C’est peut-être là que se tient le point d’orgue du film : cette tranquille complicité qui unit Sayyid El Alami et Amaury Foucher tout au long de La Pampa. Une alchimie à laquelle le réalisateur Antoine Chevrollier tenait impérativement. Facétieux, l’acteur Amaury Foucher explique : “Un jour, les producteurs du film nous ont pris des billets pour Saumur avec Sayyid [El Alami]. Antoine [Chevrollier] nous a juste dit : ‘Vous partez trois jours, faites votre vie ! Donc aimez-vous, détestez-vous, je m’en fous. Mais il faut qu’il se passe un truc entre vous.

La force du cinéma, c’est cette capacité à faire surgir des récits invisibilisés. Amaury Foucher

À travers la relation entre les deux personnages principaux, Antoine Chevrollier et ses deux co-scénaristes Bérénice Bocquillon et Faïza Guène filent un récit queer encore assez rare dans les milieux ruraux. “J’ai pu me rendre compte qu’on a encore assez peu d’études sur les identités queer en ruralité alors que c’est un sujet important.” Le réalisateur poursuit : “En persistant à mettre en récit le sujet de l’homosexualité dans cette sphère-là, je crois au pouvoir du cinéma à susciter de l’empathie chez les gens” explique le réalisateur.

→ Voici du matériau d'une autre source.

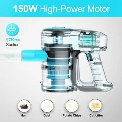YOMA N3 Handheld Cordless Broom Vacuum Cleaner 17kPa Powerful Suction Power 6-in-1 Upright for Home Sofa Pets – Blue
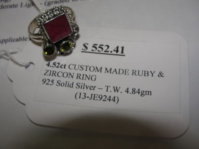 925 SILVER 4.52CT CUSTOM MADE RUBY AND ZIRCON RING APPRAISED VALUE $552.41
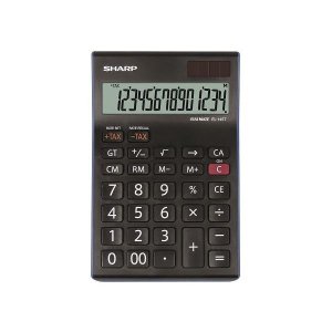 This 16-digit desktop calculator features Tax calculation functions and an adjustable LCD display panel.
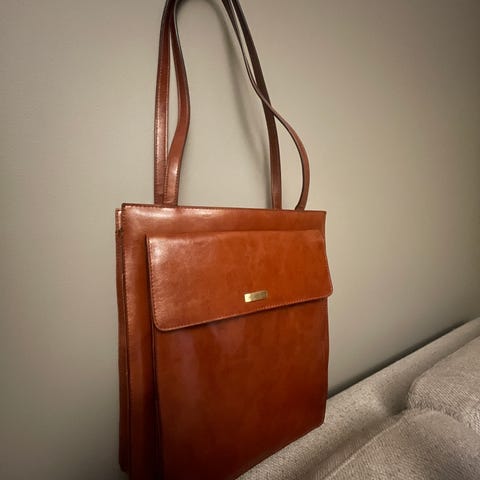 Vesken har to solide skulderstropper og kan brukes både som håndveske og skulderveske.
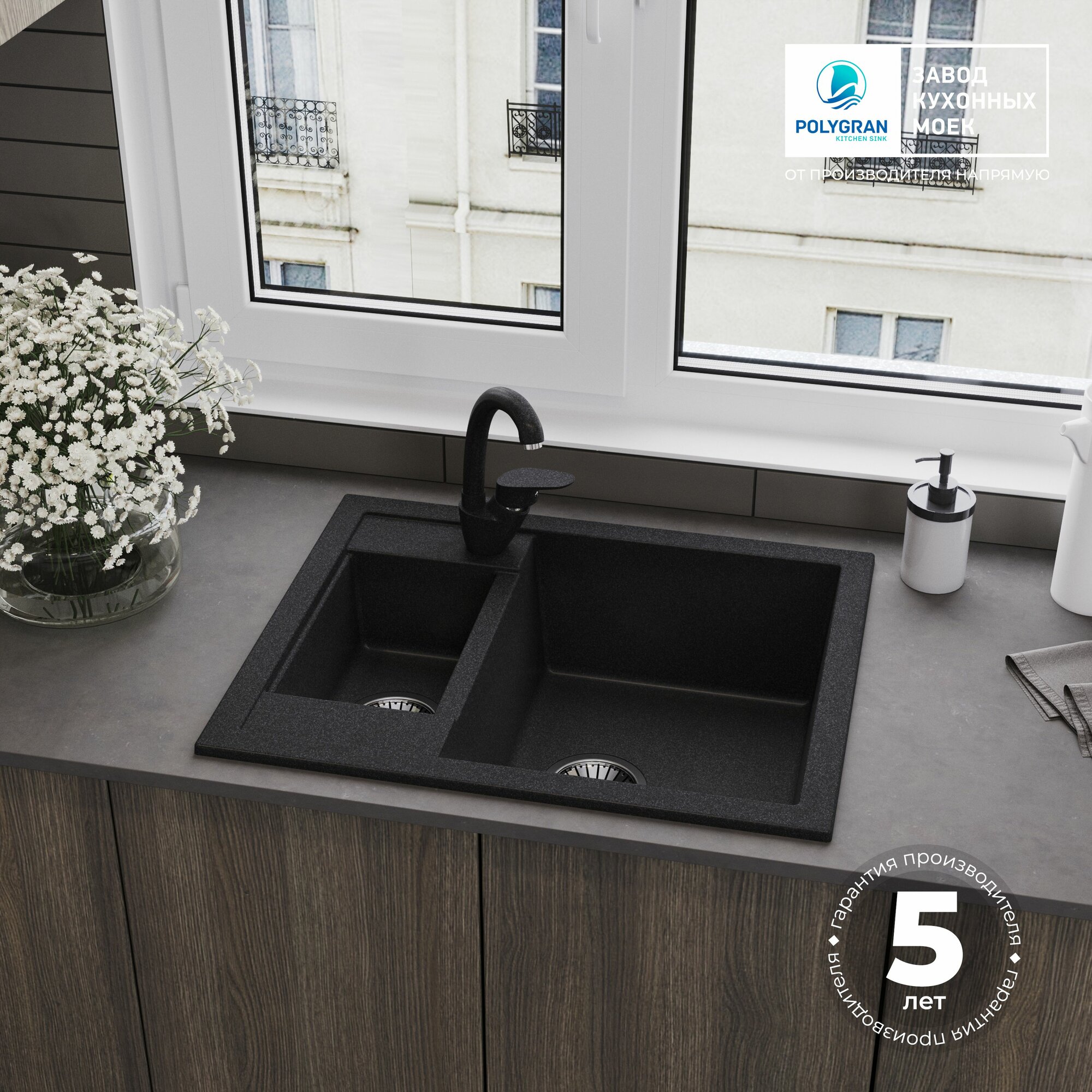 Это материал, который не только устойчив к механическим повреждениям и химическим воздействиям, но и прост в уходе. Кухонная мойка из искусственного камня не теряет своего блеска со временем и не подвержена коррозии. Прямые линии и строгий дизайн делают ее универсальным элементом для разных стилей кухонь — от классики до современного минимализма. Подходит как для крупных кухонь, так и для маленьких, где пространство ограничено.
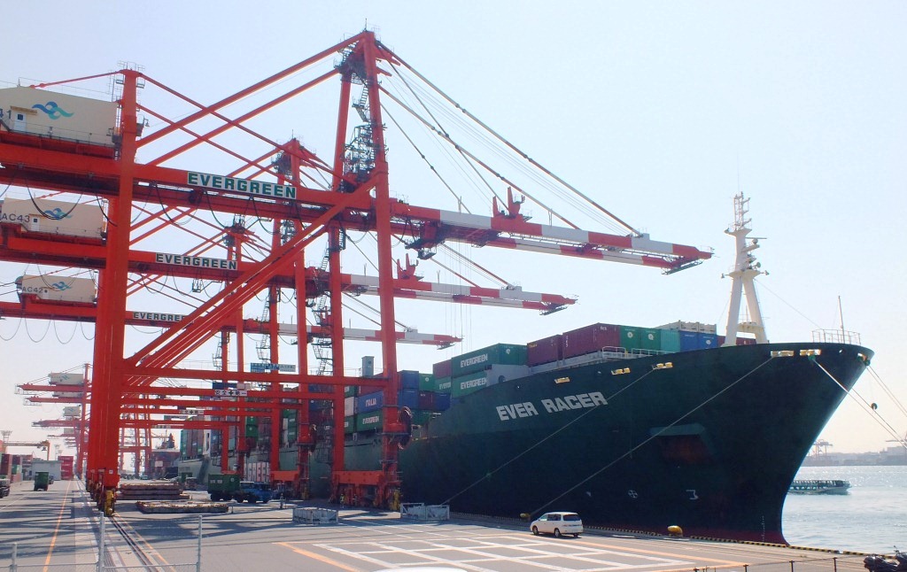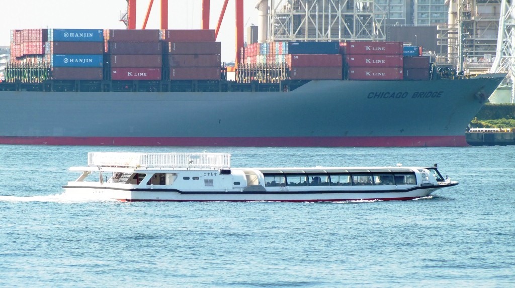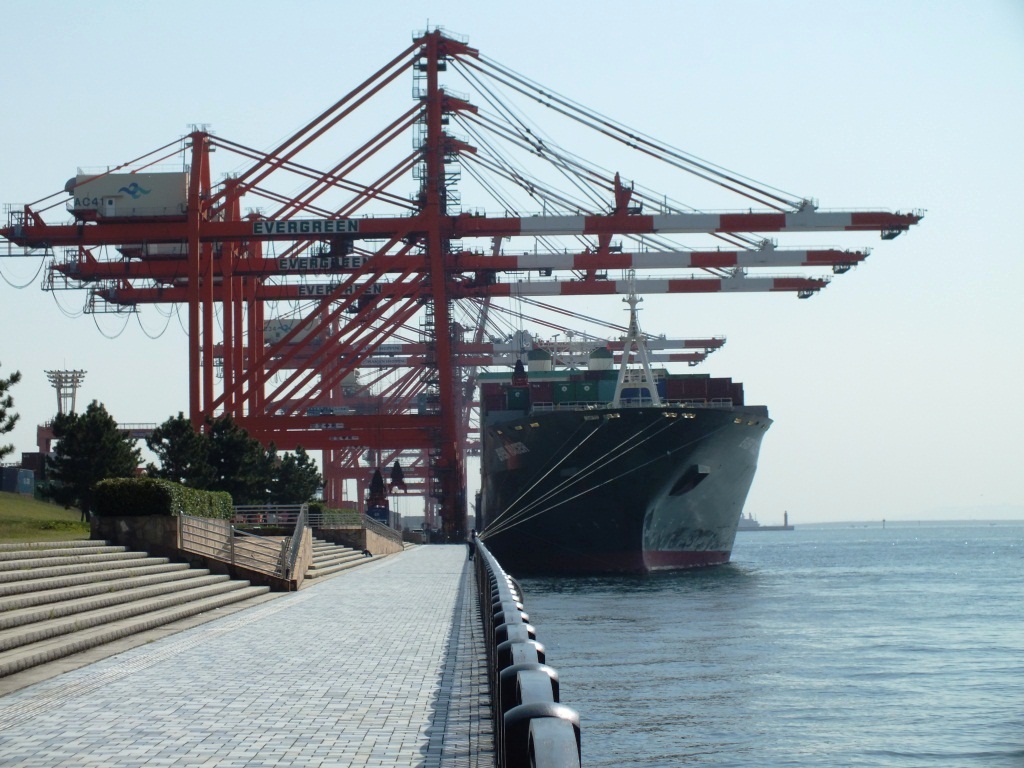 台湾の海運会社、エバーグリーンのコンテナ船はまじかで見るとその大きさに圧倒される。岸壁でコンテナの受け渡しをするトレーラーが小さく見える。大きなクレーンが長さ10mを超えるコンテナを、実に精細に、しかもスピーディに荷捌きするさまは職人芸の圧巻だ。巨大さと繊細さの同居する姿に、改めてわが国の貿易の大きさと、港の重要さを感じる。
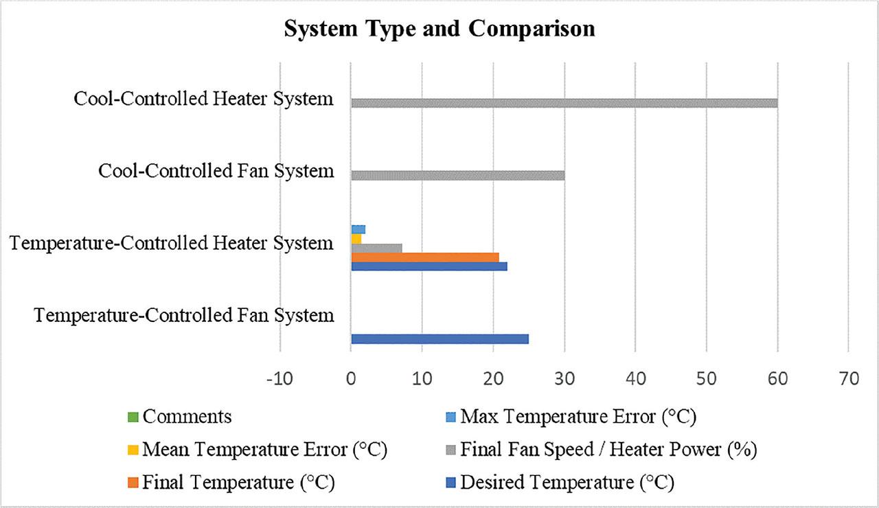 | Comments on results | Maintains target temperature with minimal overshoot. Effective for precise cooling and slightly needed for error correction | Maintains temperature close to desired with minor deviations. Suitable for stable heating and requires minor fine-tuning | Efficiently maintains a cooler environment than ambient. Ideal for cooling applications with consistent control | Effectively prevents overheating by adjusting heater power. Suitable for strict temperature control and could improve energy efficiency |

Amaury Foucher note de son côté : “La force du cinéma, c’est cette capacité à faire surgir des récits invisibilisés. Des histoires fortes sur la façon dont l’homophobie peut parfois détruire des vies.

Un coming-of-age movie français très réussi 

La Pampa est donc avant tout un récit sur l’amitié qui s’inscrit à merveille dans les dynamiques du coming-of-age movie. Ensemble, Sayyid El Alami et Amaury Foucher vivent toutes les fulgurances de l’adolescence. Les premiers amours – avec une Léonie Dahan-Lamort remarquable en artiste en herbe au tempérament assuré –, les premières soirées, les premières transgressions, les premiers débordements d’émotion ainsi que les premiers deuils. 

Le film se concentre sur les petites révolutions qui ne parviennent pas à renverser la force du destin. Si les nuages de poussière levés par les motos finissent par se dissiper, les images distillées dans La Pampa restent gravées dans la rétine à la sortie du film. Un premier long-métrage brillant qui laisse présager un avenir radieux pour Antoine Chevrollier et ses jeunes acteurs…

La Pampa (2025), de Antoine Chevrollier avec Sayyid El Alami, Amaury Foucher et Léonie Dahan-Lamort, actuellement au cinéma.